_Exercise objective_:
An exact restatement of the data below, with the pictures removed, is the required answer.

_Supplied information_:
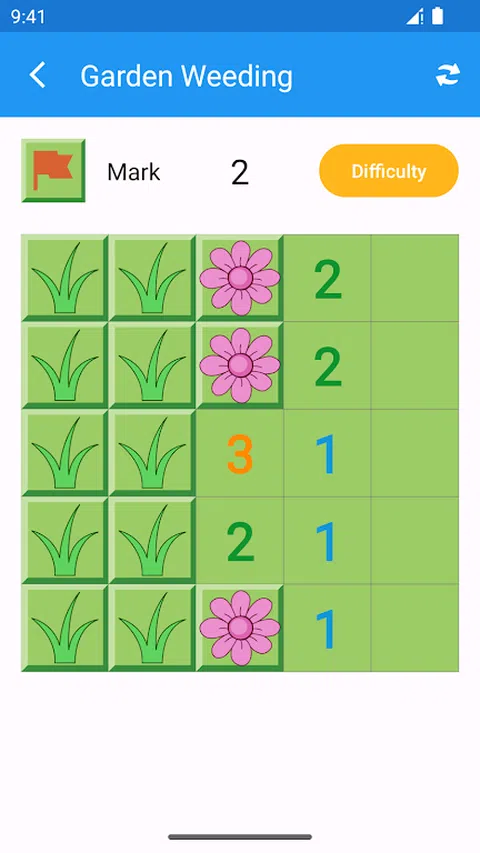 花园除草是一款创新的扫雷游戏,以美丽的花朵和清新的草皮为背景,为玩家带来了全新的游戏体验。相比传统的扫雷游戏,花园除草注重创意和放松,让您在欣赏花朵的同时挑战自己的智力。 游戏中,您将进入一个精心设计的花园,每个区块都隐藏着花朵或者杂草。您的任务是点击草皮,除去杂草,同时避免触碰花朵。与传统的扫雷游戏不同,您不再面对冷酷的地雷,而是迎接各种各样的花朵,为游戏增添了一抹生机和美丽。 在花园除草中,每个区块下方的数字仍然存在,它们表示该区块周围的花朵数量。根据这些数字的提示,您可以推测出哪些区块是安全的,哪些区块可能隐藏着杂草。请记住,谨慎思考是成功的关键,只有通过合理的推理和猜测,您才能保证安全地除去杂草并收获美丽的花朵。 花园除草提供了多个难度级别,从初级到高级,适合不同程度的玩家。您可以根据自己的喜好和能力选择适当的难度。您可以在繁忙的工作或学习之余,打开花园除草,享受一段愉快的休闲时光。 快来花园除草中挑战自己的智力和观察力吧!在小小的花园里面挖呀挖呀挖,点击草皮,除去杂草,收获美丽的花朵。让我们一起创造一个花园的奇迹
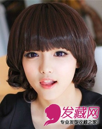 可爱的小女生,顺滑的韩国短卷发型,看起来有种乖巧恬静的感觉,深棕色染发既是清新又显得小优雅,整齐的刘海也瞬间带动萌动的眼睛,十分可爱哟!
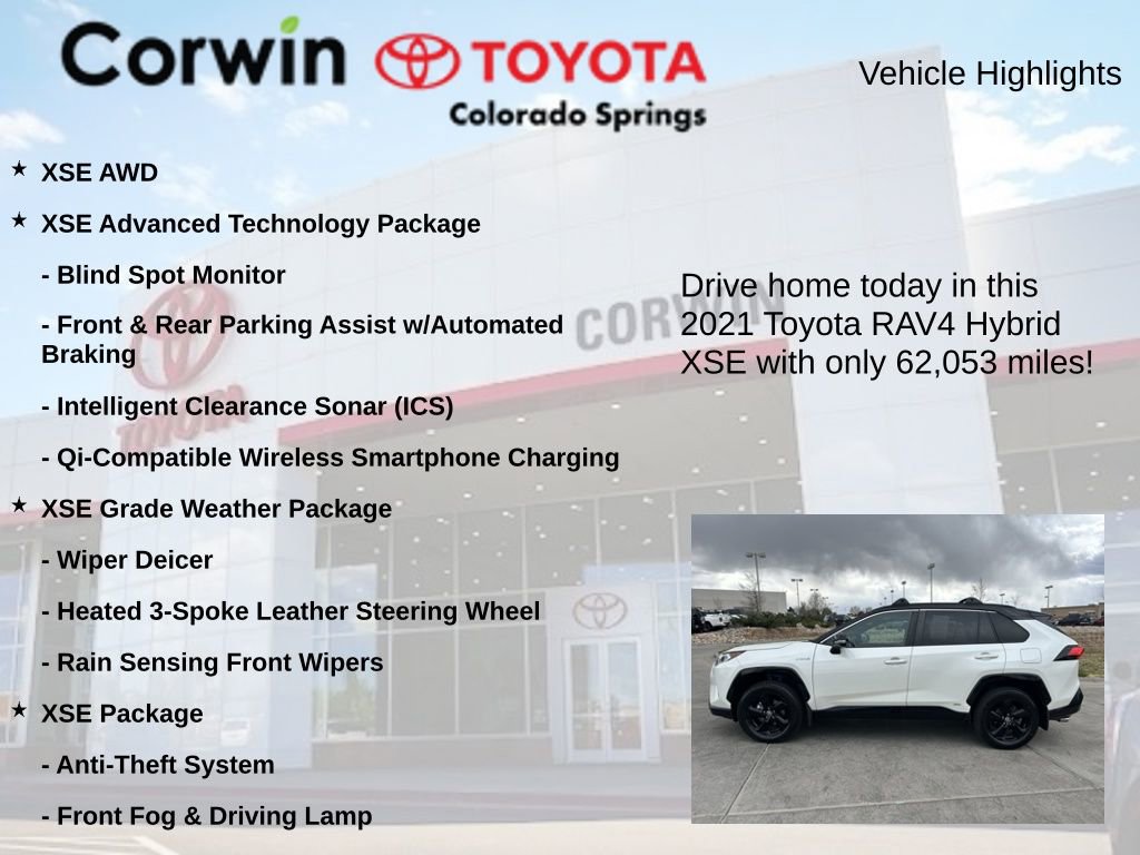 2021 Midnight Black Metallic Toyota RAV4 Hybrid XSE CARFAX One-Owner.

_Exercise answer_:
 花园除草是一款创新的扫雷游戏,以美丽的花朵和清新的草皮为背景,为玩家带来了全新的游戏体验。相比传统的扫雷游戏,花园除草注重创意和放松,让您在欣赏花朵的同时挑战自己的智力。 游戏中,您将进入一个精心设计的花园,每个区块都隐藏着花朵或者杂草。您的任务是点击草皮,除去杂草,同时避免触碰花朵。与传统的扫雷游戏不同,您不再面对冷酷的地雷,而是迎接各种各样的花朵,为游戏增添了一抹生机和美丽。 在花园除草中,每个区块下方的数字仍然存在,它们表示该区块周围的花朵数量。根据这些数字的提示,您可以推测出哪些区块是安全的,哪些区块可能隐藏着杂草。请记住,谨慎思考是成功的关键,只有通过合理的推理和猜测,您才能保证安全地除去杂草并收获美丽的花朵。 花园除草提供了多个难度级别,从初级到高级,适合不同程度的玩家。您可以根据自己的喜好和能力选择适当的难度。您可以在繁忙的工作或学习之余,打开花园除草,享受一段愉快的休闲时光。 快来花园除草中挑战自己的智力和观察力吧!在小小的花园里面挖呀挖呀挖,点击草皮,除去杂草,收获美丽的花朵。让我们一起创造一个花园的奇迹
 可爱的小女生,顺滑的韩国短卷发型,看起来有种乖巧恬静的感觉,深棕色染发既是清新又显得小优雅,整齐的刘海也瞬间带动萌动的眼睛,十分可爱哟!
 2021 Midnight Black Metallic Toyota RAV4 Hybrid XSE CARFAX One-Owner.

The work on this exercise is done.